Your copy should start at the line with "Personalisierter Marzipan Adventskalender" and end at the line with "Семья Жолобовых вышла" in the data below. Transcribe only those lines, exactly, pictures excluded.

··· Record set

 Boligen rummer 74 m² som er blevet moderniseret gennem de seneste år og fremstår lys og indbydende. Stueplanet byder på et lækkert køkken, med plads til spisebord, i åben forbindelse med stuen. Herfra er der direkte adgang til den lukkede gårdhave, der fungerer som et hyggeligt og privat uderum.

······
··· Record set

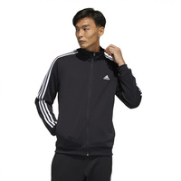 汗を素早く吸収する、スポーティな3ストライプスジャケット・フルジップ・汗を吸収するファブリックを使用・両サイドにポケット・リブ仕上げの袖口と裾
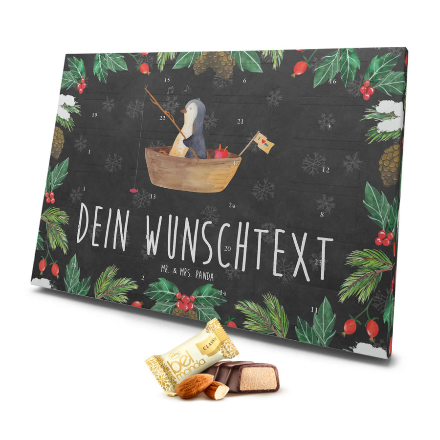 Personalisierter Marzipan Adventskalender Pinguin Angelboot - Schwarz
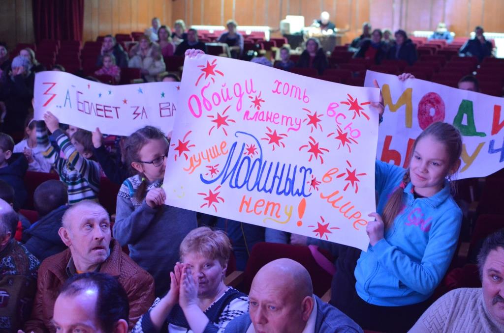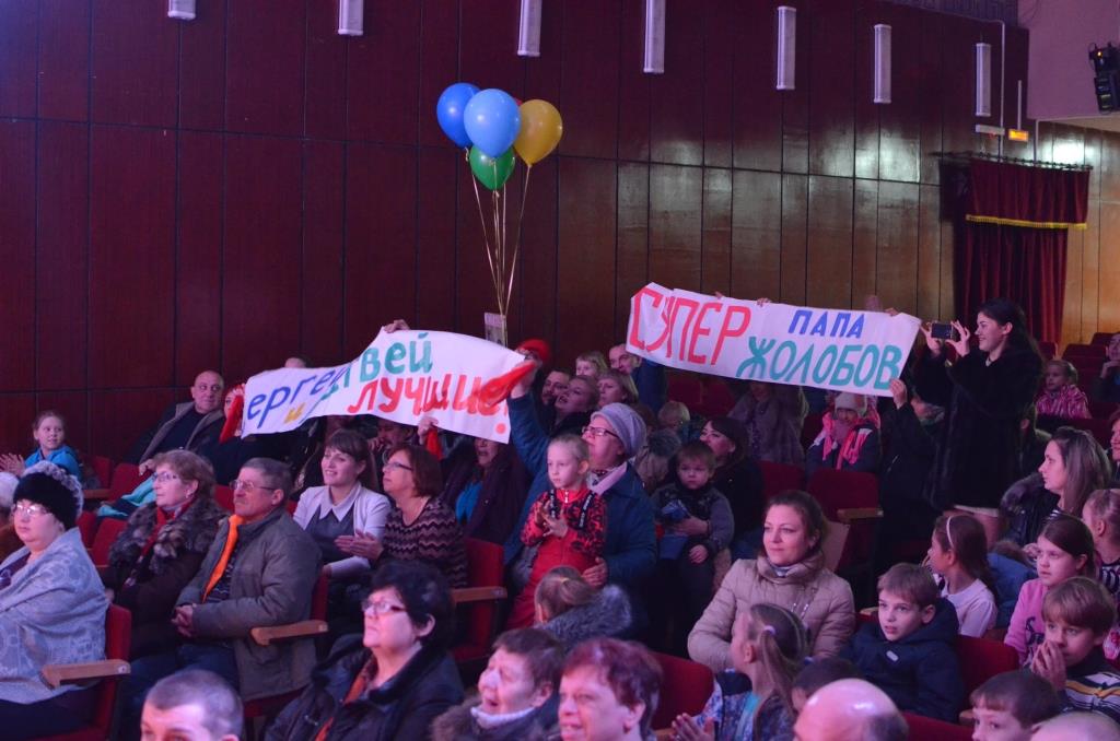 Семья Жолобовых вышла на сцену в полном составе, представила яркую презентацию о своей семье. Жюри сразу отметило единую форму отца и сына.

······

== Answer area ==
 Personalisierter Marzipan Adventskalender Pinguin Angelboot - Schwarz
 Семья Жолобовых вышла на сцену в полном составе, представила яркую презентацию о своей семье. Жюри сразу отметило единую форму отца и сына.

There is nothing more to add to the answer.